I love the fact that she has short hair,” she says of her character, Roxanne Ritchi, a TV reporter who is always being kidnapped by the titular villain of “Megamind.” “Usually in animated films, ‘the girl’ has long, long ... yellow hair.”
“Her face is distinctive,” she says of Roxanne. “And in the vaguest way, she looks a little bit like me. A perkier version of me. And I love her apple-bottom shape!
“As a character, she’s more interesting than you first think. She wants to be more than just a pawn between the good guy and the bad guy. That makes her an active participant in the story, forcing Megamind to figure out that maybe he needs to turn over a new leaf. It’s funny that the idea never occurred to the hero OR the villain that this woman who is being tied to the railroad tracks is kind of OVER it.”
It’s not her first shot at animation. If you have small children, you know. She was the leave-the-kid-home-alone-during-a-storm mom in the English language version of Hayao Miyazaki’s anime gem, “Ponyo.”
“Isn’t that a beautiful movie? I love that mom. She’s doing her best. She’s not a TV sitcom mom. She’s a mom struggling to do a lot on her own. She reminded me of the mother in ‘E.T.’”
But all these bits of work force Fey and her husband (composer Jeff Richmond, who also works on “30 Rock”) “and everybody who works on the show to try and stay focused, to maintain quality.”
Not that she isn’t planning for that day when the show ends.

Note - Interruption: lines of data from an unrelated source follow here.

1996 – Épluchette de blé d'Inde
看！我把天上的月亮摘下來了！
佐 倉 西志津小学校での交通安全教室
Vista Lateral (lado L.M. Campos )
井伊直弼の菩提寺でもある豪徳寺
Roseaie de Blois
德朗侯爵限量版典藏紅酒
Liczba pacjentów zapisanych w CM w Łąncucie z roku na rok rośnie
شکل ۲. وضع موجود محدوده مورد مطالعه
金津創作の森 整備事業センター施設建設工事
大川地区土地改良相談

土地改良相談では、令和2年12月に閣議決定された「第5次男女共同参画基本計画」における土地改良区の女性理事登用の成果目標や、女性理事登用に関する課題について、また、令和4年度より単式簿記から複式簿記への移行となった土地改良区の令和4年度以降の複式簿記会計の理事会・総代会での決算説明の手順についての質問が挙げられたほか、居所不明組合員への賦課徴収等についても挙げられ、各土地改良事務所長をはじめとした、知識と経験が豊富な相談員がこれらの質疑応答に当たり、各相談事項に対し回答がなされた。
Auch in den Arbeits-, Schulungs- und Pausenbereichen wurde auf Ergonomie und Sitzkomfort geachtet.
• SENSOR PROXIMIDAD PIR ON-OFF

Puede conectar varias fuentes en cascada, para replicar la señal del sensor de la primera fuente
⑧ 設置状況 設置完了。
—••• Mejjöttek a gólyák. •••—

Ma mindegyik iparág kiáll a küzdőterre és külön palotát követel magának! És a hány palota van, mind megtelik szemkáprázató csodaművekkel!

Fey wrote the sassy and smart teen comedy “Mean Girls,” and “I look forward to the day when I can write another film script, a movie, start-to-finish. But that just won’t happen until ‘30 Rock’ ends.”
So for now, it’s back to the TV studio to finish the series’ fifth season, then figuring out what movie she can shoot in between seasons if “30 Rock” is renewed. And maybe she’ll take just one night off, get all glammed up to be feted and roasted by her peers at the Kennedy Center.

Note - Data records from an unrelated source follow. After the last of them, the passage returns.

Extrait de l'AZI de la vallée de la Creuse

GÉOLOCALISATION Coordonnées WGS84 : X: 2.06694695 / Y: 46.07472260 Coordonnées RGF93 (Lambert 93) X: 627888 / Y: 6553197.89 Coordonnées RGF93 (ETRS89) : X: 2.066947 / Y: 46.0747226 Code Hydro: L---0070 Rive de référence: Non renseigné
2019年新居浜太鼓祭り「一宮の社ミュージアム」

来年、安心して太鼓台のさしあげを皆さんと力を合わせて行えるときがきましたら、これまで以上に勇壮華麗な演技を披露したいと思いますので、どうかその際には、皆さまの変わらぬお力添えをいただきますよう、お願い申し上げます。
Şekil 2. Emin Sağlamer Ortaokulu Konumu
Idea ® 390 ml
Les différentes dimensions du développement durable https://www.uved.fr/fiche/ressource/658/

“I remember being an actor in Chicago and auditioning for a two-person version of ‘Tom Sawyer,’” she says of her days as a struggling improv comic and actress. “I think I got the job, but found out it only paid $20.
“Mark Twain had this great gift and license for writing the way people really speak. He was one of the first people to do that, and that’s something we should all strive for.

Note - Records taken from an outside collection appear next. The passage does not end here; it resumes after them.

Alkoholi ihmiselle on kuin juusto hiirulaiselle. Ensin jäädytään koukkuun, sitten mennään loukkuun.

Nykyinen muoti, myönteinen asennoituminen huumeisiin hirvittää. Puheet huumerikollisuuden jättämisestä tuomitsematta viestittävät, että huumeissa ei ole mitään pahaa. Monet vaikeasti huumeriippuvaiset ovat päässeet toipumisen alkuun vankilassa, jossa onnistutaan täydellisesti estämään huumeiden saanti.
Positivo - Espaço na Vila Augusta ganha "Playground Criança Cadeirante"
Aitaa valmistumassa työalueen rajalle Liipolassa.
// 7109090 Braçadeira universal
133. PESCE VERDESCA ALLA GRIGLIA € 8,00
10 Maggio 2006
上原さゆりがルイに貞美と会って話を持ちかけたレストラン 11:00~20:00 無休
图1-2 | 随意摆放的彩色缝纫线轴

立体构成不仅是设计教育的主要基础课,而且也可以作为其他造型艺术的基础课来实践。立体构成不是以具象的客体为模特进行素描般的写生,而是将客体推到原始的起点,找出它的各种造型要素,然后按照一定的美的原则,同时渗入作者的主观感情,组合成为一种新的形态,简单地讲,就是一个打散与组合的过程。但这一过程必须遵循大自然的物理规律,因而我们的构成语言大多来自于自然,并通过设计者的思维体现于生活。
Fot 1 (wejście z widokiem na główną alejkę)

“I grew up watching “SNL” and “Monty Python,” and those shows were huge influences on my work. As a writer, I fell in love with Caryl Churchill (“Cloud Nine,” Serious Money”). Her plays were so important to me, her mix of the absurd and the emotional were kind of what I aim for.
“But you cannot be into American humor and not be into Mark Twain. I can’t tell you how honored I am to receive this prize named for him.”